Work request -
A verbatim copy is needed of the lines below from the one containing "首先上场的这台汤圆机,是一台" up to and including the one containing "Tableau sur toile", excluding pictures.

Data to use -

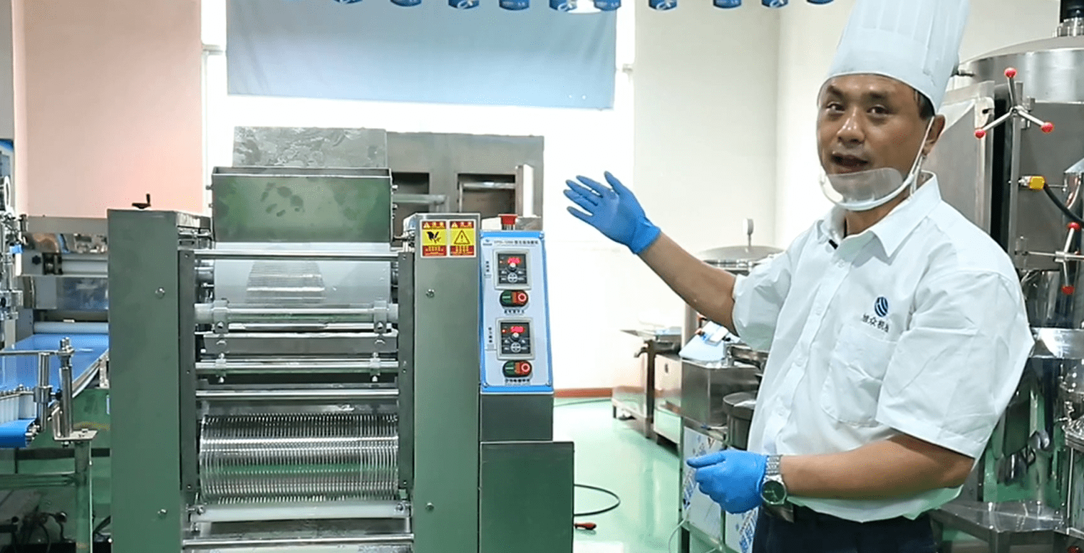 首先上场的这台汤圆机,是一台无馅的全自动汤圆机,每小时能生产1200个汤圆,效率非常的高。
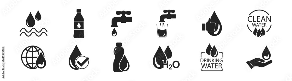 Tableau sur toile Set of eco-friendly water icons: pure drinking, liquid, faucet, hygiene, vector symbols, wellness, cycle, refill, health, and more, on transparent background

...

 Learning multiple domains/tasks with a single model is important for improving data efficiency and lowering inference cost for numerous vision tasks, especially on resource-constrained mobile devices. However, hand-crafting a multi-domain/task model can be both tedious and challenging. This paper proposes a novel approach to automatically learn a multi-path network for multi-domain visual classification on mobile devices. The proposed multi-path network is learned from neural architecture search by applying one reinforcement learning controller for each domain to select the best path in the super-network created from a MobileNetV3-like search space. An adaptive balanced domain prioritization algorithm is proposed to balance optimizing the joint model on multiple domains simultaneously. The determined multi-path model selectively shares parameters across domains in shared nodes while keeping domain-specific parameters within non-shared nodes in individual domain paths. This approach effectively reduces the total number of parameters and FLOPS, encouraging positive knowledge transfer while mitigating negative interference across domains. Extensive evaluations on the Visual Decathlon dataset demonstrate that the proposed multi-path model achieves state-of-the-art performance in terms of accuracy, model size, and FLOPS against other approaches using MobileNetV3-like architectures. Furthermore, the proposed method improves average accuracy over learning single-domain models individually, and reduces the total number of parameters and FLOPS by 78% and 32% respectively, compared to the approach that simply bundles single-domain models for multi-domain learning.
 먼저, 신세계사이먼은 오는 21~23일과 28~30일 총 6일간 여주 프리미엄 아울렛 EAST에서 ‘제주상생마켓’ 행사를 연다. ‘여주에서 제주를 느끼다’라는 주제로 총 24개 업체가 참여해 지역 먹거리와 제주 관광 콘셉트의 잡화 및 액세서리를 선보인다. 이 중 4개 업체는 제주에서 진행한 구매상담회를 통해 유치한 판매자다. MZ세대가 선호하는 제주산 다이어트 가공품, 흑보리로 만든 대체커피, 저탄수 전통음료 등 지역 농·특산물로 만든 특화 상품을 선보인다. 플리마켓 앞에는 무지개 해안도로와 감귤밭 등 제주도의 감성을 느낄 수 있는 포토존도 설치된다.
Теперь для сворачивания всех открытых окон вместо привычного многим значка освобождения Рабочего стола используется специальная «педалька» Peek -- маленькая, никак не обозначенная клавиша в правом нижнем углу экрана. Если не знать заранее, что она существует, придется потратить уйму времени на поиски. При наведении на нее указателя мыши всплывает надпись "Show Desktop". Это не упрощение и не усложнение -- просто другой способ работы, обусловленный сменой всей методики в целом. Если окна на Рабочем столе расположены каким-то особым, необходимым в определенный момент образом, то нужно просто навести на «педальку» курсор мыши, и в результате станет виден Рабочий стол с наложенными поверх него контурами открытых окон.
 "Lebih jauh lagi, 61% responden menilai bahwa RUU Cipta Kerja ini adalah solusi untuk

Answer for the task -
 首先上场的这台汤圆机,是一台无馅的全自动汤圆机,每小时能生产1200个汤圆,效率非常的高。
 Tableau sur toile Set of eco-friendly water icons: pure drinking, liquid, faucet, hygiene, vector symbols, wellness, cycle, refill, health, and more, on transparent background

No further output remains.